The mind of man is a tremendous Force, capable of engendering many energies, of various grades, correlating and interacting. The highest of these act on every plane; the lower upon lower planes only, where they tend to beget obstructive consequences by, so to say, intensifying or thickening — condensing too — the one substance of which all things are made, into gross and material strata, which greatly impede the entrance of higher force to our planet and isolate it and us by degrees.

What then determines the quality of a mental energy, so that it becomes of a "high" or "low" order? Its relation to the personal self determines it. The free will of man has its point of departure in the mind. He can generate thoughts which) by concentration upon or relation to the self, tend to contract his sphere (in more senses than one), and to preserve his Being intact in the life of separateness Or he can evolve thoughts which relate to the whole world; which flow out towards the Unity, and, by their action and interaction upon the highest forces, a part of which they are, tend to dissolve his personal life as such, to unite all his principles to their cosmic sources, and reveal the beauty, power, and wisdom of Being to his enraptured soul.

Very many of us can find but little work to do for Humanity, though work is here, pressing enough, tangible enough. But circumstances of iron control many, and these are Karma. What each one can do, however, is to purify the mind, and to develop in it such affinities, such tendencies and habits, as may be drawn up into the higher nature. These, then, will guide our soul's course after death, leading the Ego to reincarnate there where it can at once begin the work for Humanity. The predominating love spun by our nature is like the stray end of the spider's web, cast loose upon the air. It reaches across to some branch to which it instantly adheres, and upon it the Ego, the mysterious weaver of Life's web, crosses the gulf we call Death, and finds each life in strict continuity with the preceding one.

These few thoughts cannot be better illustrated, or more fitly closed, than by an extract from a private letter written by H. P. Blavatsky:

"What is this about the soldier not being free? Of course no soldier can be free to move about his physical body wherever he likes. But what has the esoteric teaching to do with the outward man? A soldier may be stuck to his sentry-box like a barnacle to its ship, and the soldier's Ego be free to go where it likes, and think what it likes best. * * No man is required to carry a burden heavier than he can bear, nor do more than it is possible for him to do. * * If one cannot, owing to circumstances or his position in life, become a full adept in this existence, let him prepare his mental luggage for the next, so as to be ready at the first call, when he is once more reborn. What one has to do before he pledges himself irretrievably, is to probe one's nature to the bottom, for self discipline is based on self knowledge. It is said somewhere that self-discipline often leads one to a state of self-confidence which becomes vanity and pride in the long run. I say, fool is the man who says so. This may happen only when our motives are of a worldly character, or selfish. Otherwise, self-confidence is the first step to that kind of will which will make a mountain move.

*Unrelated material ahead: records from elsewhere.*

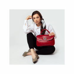 Rankinė iš natūralios itališkos odos, su vienu pagrindiniu skyriumi, užsegamas atvartu su užtrauktuku, per vidurį padalintas į kelis mažesnius skyrelius. Rankinė su rankena, o komplekte yra ir nuimamas dirželis. Rankinės apačioje yra metalinės kojelės, apsaugančios nuo dilimo.
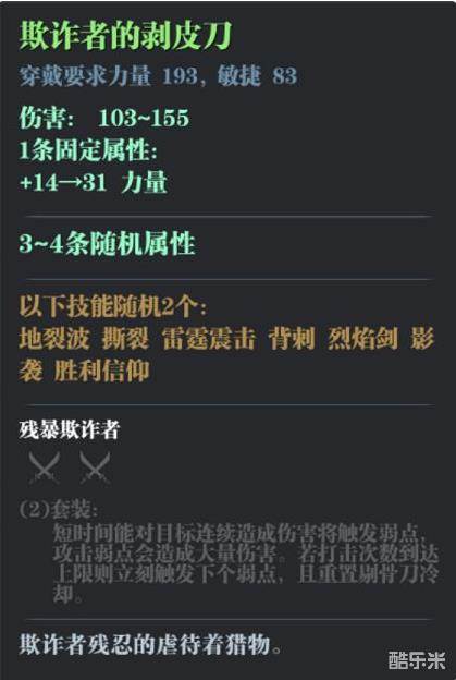 这里要注意的是,双刀看着是一次攻击砍了两次,但是一次攻击只触发一次刃之王刀光!!!所以刃之王对于欺诈者双刀,除了对着弱点多打1次,并没有针对双刀的任何加成了。大写的坑!
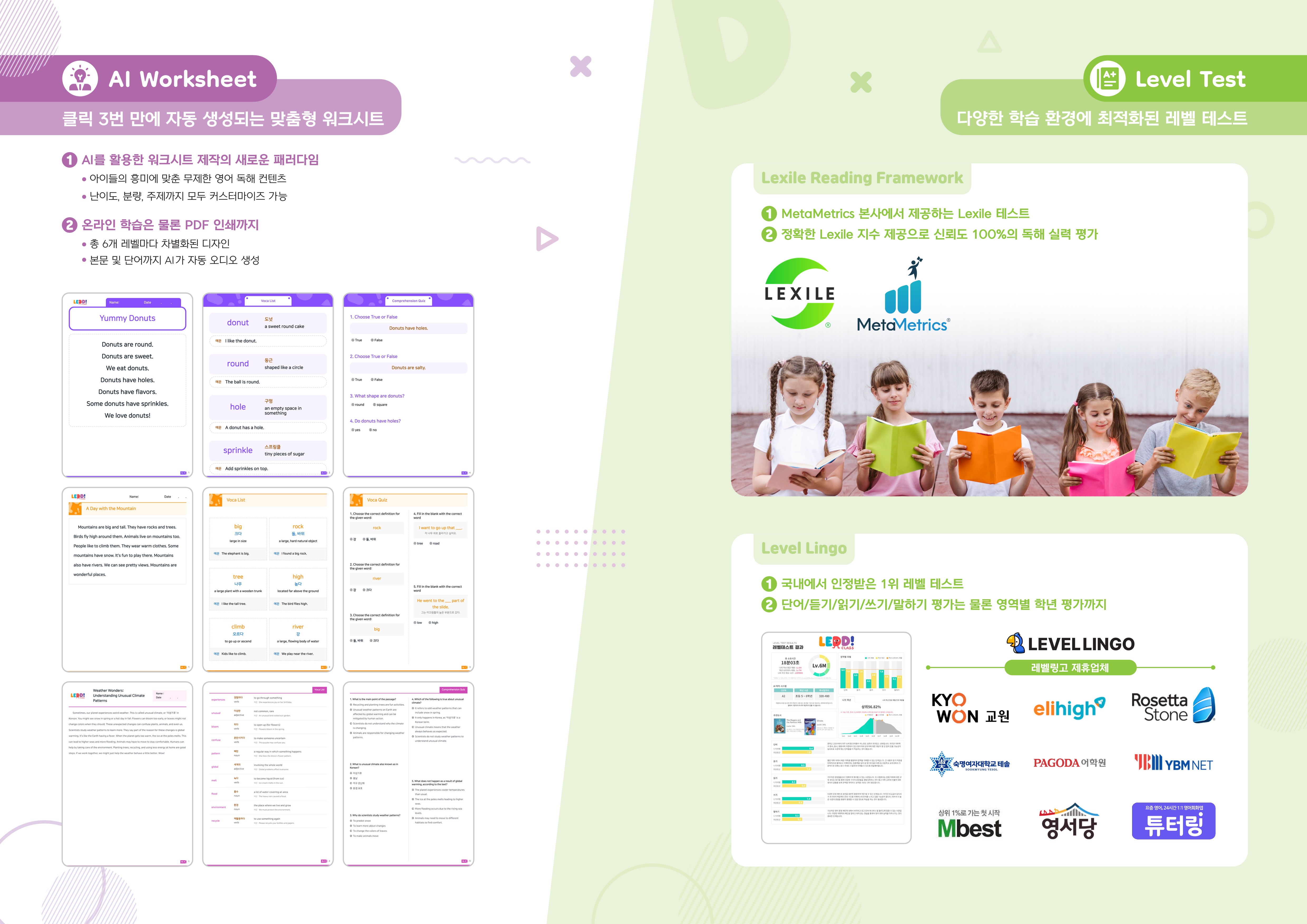 마더구스부터 수능 독해 완성단계까지 다양하게 준비되어있습니다.
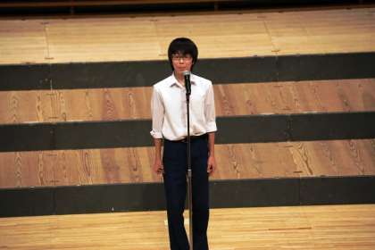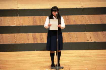 【中段】開会の言葉。音楽祭実行委員長 3年2組 河内 朝陽 くん
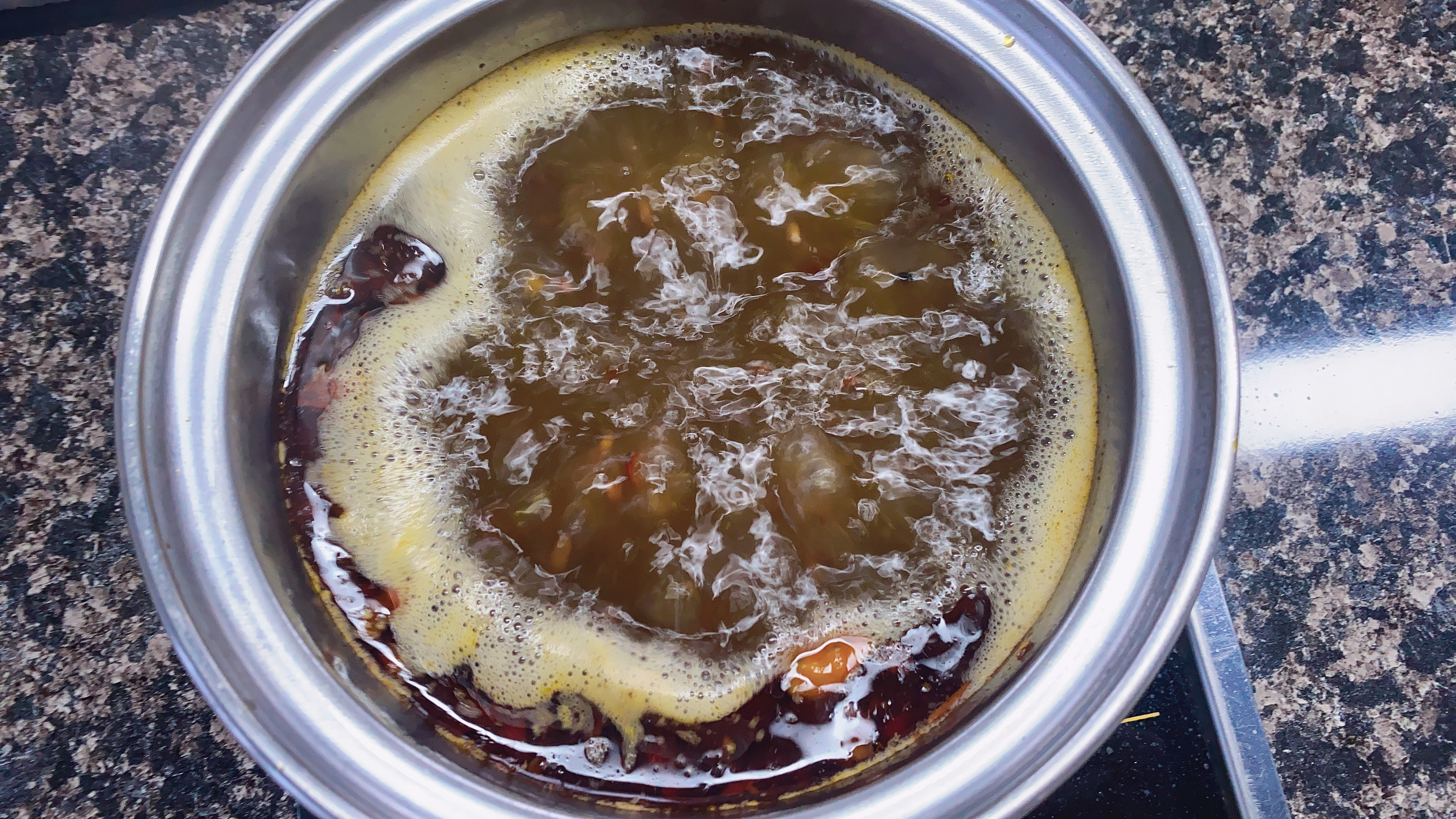 在熬制火锅底料的过程中,我们必须使用小火。首先,我们可以避免油炸火锅底料引起的焦糊苦味。另外,我们可以将原料内部的香与色充分分离,加汤后色泽明亮。在油炸过程中不断搅拌,以均匀加热原料。
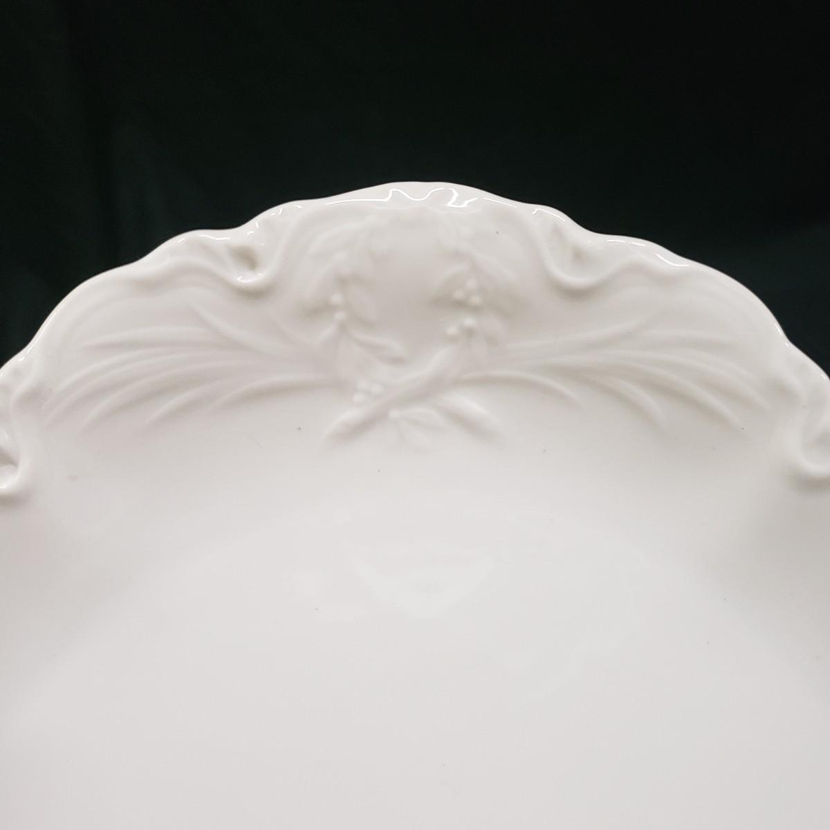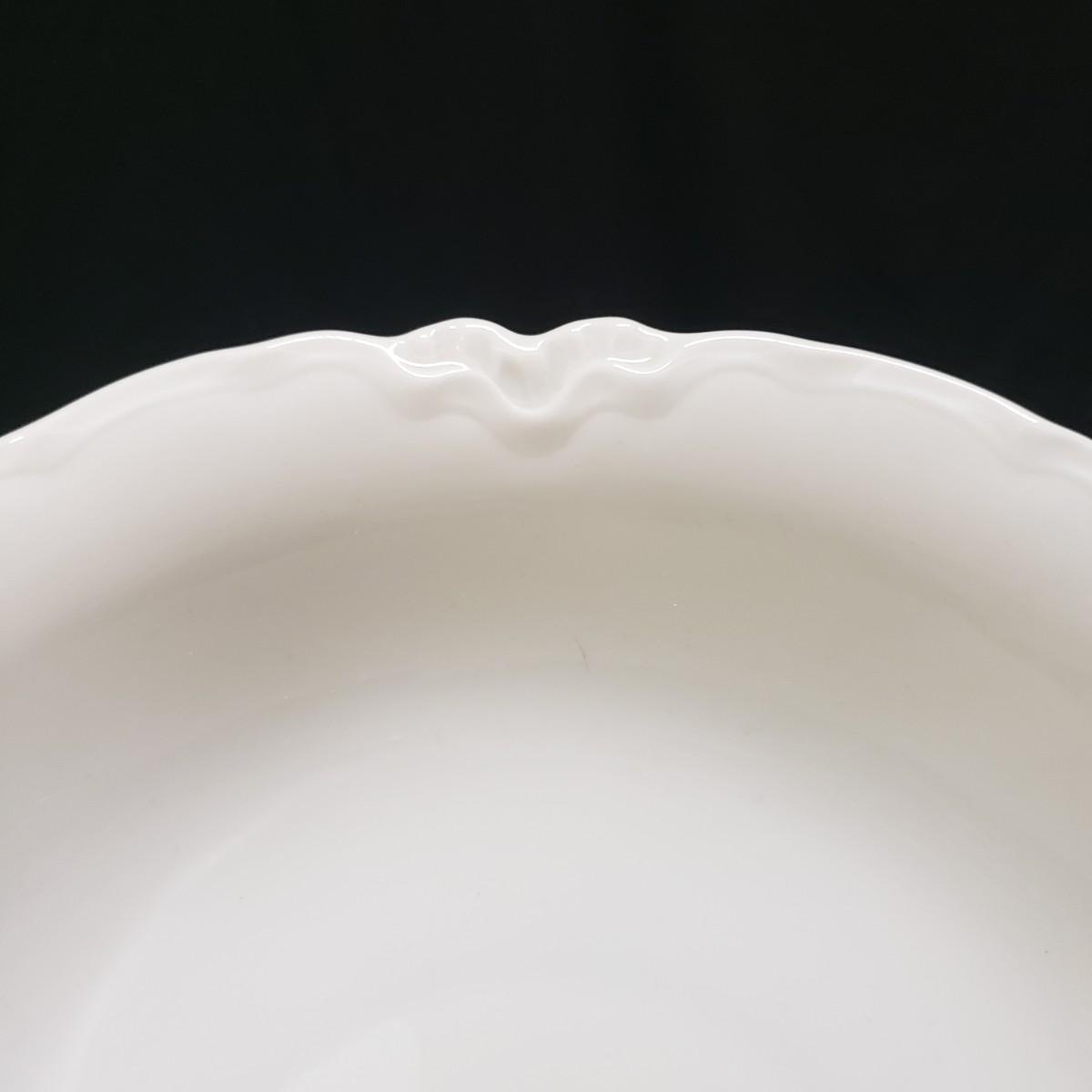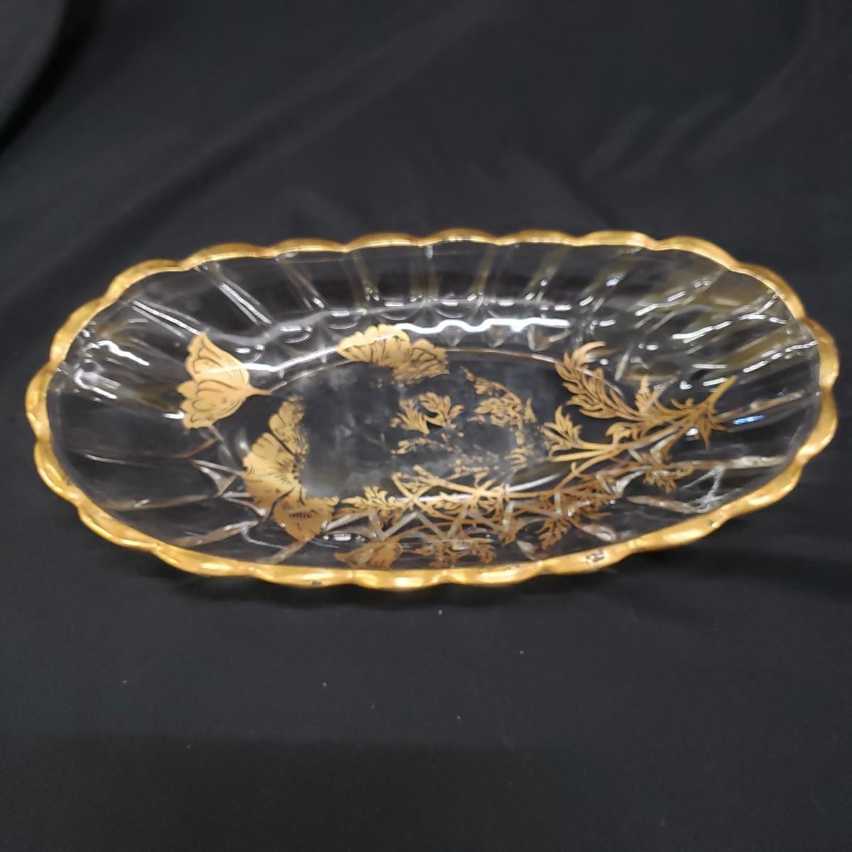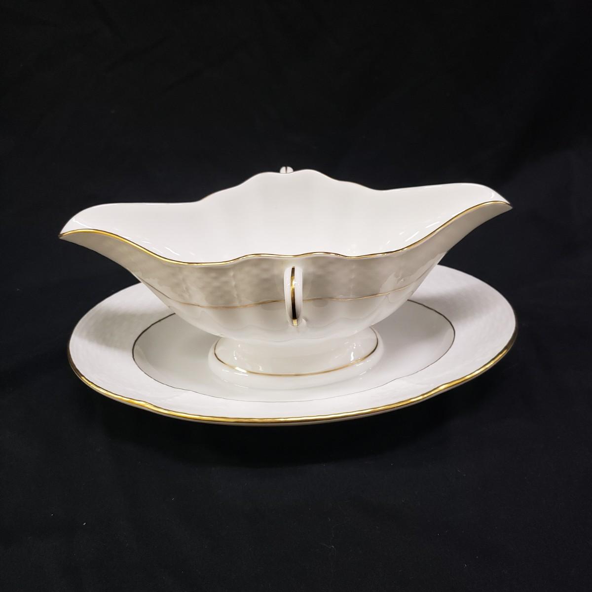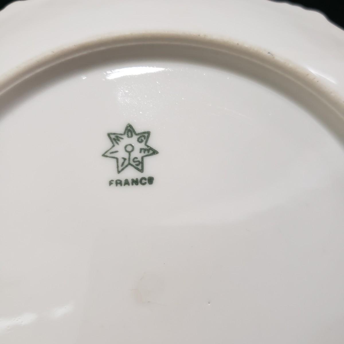 This beautiful gold and white mixed brand of china has 24 pieces. The largest platter with gold edging measures 14" x 10". The smaller Limoges plates have hanging brackets attached, but could easily be removed for serving. The five 9" plates with brackets appear to have some gold edging worn off. The gravy boat measures 10" x 7" x 4"H and is one solid piece. The only clear glass dish with gold features, does have some of the bottom gold worn, yet fill it with your favorite chocolate and viola!

'To thine own self be true,
And it must follow, as the night the day,
Thou cans't not then be false to any man.'

"The question is whether Polonius meant this for worldly wisdom, or for occult knowledge; and, by 'own self,' the false Ego (the terrestial personality), or that spark in us which is but the reflection of the One Universal Ego."

It appears, then, that our best course of action is to get our mental luggage ready, and especially to free it from the thought of self, or the "terrestial personality" living in a dream of separation.